Pictures appear among the records below and must be omitted. Repeat exactly the lines from the line with "One red tray" to the line with "Σήμερα, τον γύρο", both included.

## Given data:
--

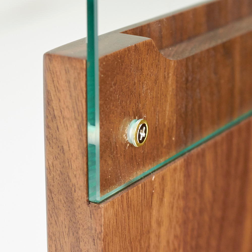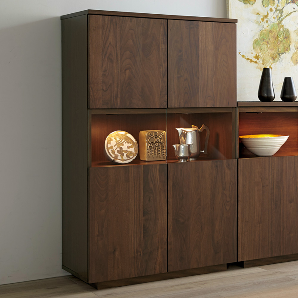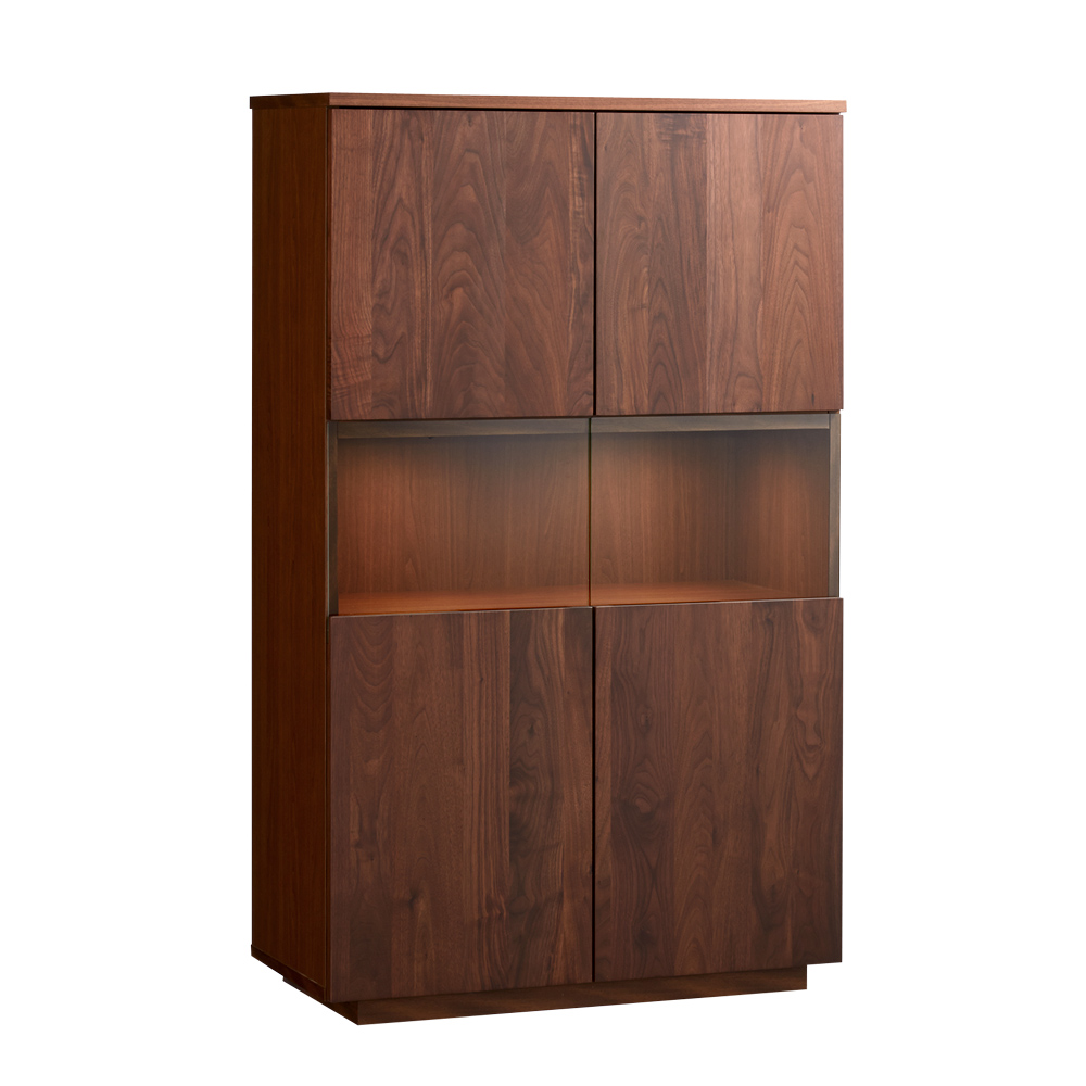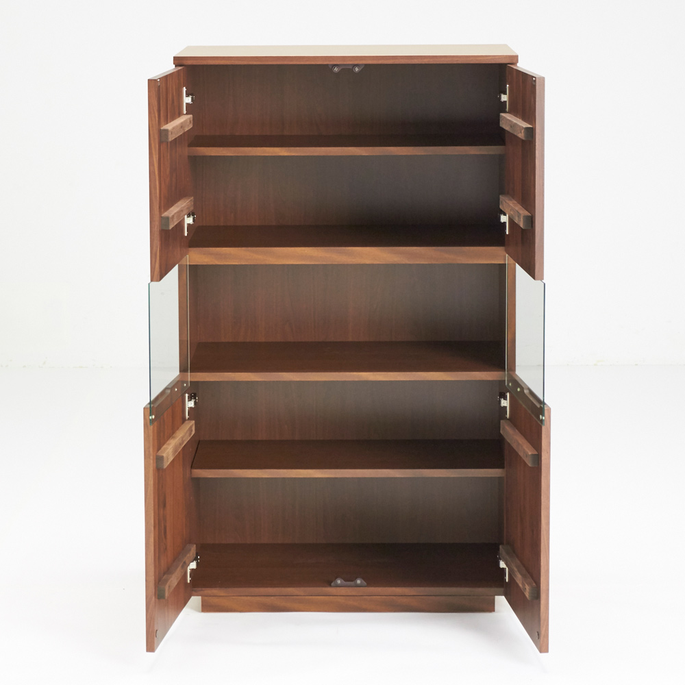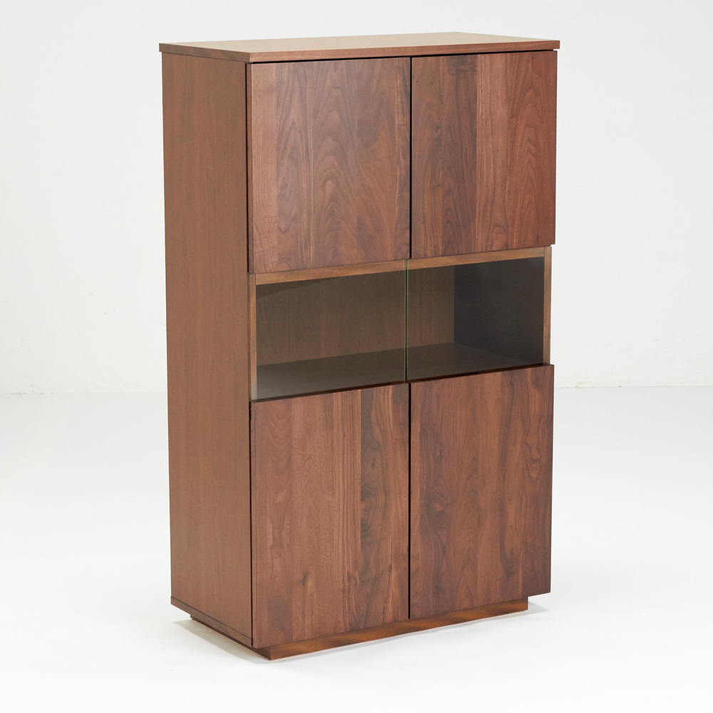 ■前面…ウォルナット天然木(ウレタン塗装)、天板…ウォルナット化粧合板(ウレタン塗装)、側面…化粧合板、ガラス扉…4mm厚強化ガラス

--

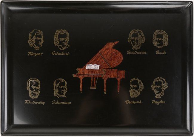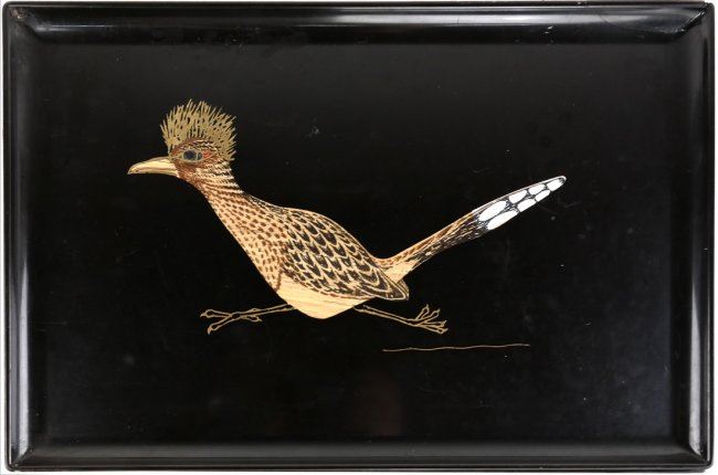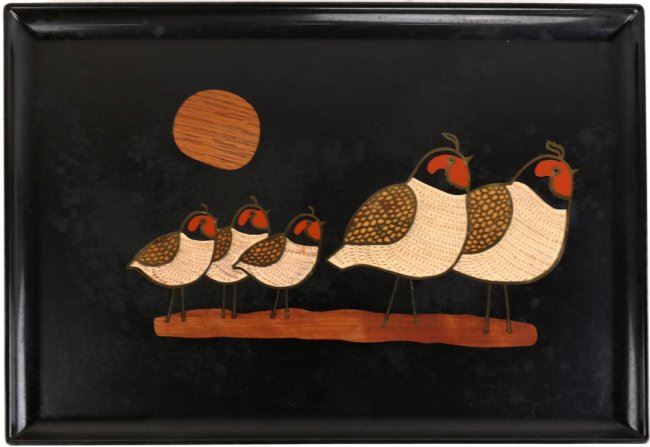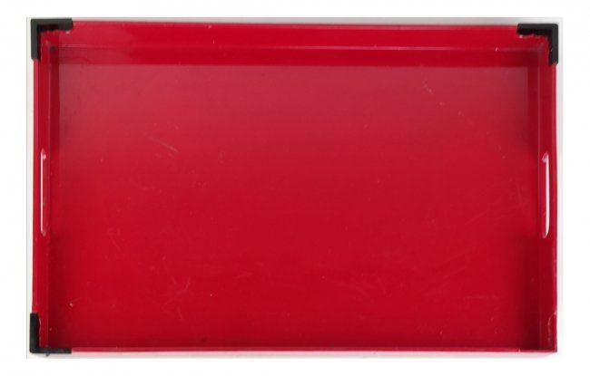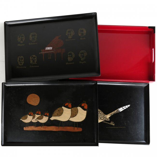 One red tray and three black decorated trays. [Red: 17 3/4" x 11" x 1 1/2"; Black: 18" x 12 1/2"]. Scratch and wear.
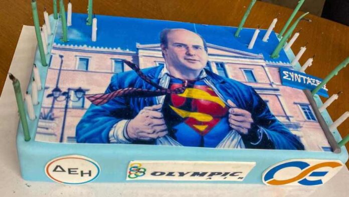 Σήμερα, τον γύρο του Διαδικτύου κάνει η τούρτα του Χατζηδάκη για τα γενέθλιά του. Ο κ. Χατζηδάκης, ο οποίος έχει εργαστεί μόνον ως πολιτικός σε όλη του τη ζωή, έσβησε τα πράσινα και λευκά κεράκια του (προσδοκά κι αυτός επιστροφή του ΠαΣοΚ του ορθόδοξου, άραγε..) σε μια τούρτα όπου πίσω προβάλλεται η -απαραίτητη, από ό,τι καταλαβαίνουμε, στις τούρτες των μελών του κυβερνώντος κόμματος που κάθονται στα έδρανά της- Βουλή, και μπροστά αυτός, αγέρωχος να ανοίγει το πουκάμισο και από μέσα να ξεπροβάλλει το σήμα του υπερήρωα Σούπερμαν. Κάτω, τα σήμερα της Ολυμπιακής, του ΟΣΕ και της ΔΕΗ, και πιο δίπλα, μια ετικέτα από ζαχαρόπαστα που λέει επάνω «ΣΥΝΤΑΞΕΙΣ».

--

## Answer space:
 One red tray and three black decorated trays. [Red: 17 3/4" x 11" x 1 1/2"; Black: 18" x 12 1/2"]. Scratch and wear.
 Σήμερα, τον γύρο του Διαδικτύου κάνει η τούρτα του Χατζηδάκη για τα γενέθλιά του. Ο κ. Χατζηδάκης, ο οποίος έχει εργαστεί μόνον ως πολιτικός σε όλη του τη ζωή, έσβησε τα πράσινα και λευκά κεράκια του (προσδοκά κι αυτός επιστροφή του ΠαΣοΚ του ορθόδοξου, άραγε..) σε μια τούρτα όπου πίσω προβάλλεται η -απαραίτητη, από ό,τι καταλαβαίνουμε, στις τούρτες των μελών του κυβερνώντος κόμματος που κάθονται στα έδρανά της- Βουλή, και μπροστά αυτός, αγέρωχος να ανοίγει το πουκάμισο και από μέσα να ξεπροβάλλει το σήμα του υπερήρωα Σούπερμαν. Κάτω, τα σήμερα της Ολυμπιακής, του ΟΣΕ και της ΔΕΗ, και πιο δίπλα, μια ετικέτα από ζαχαρόπαστα που λέει επάνω «ΣΥΝΤΑΞΕΙΣ».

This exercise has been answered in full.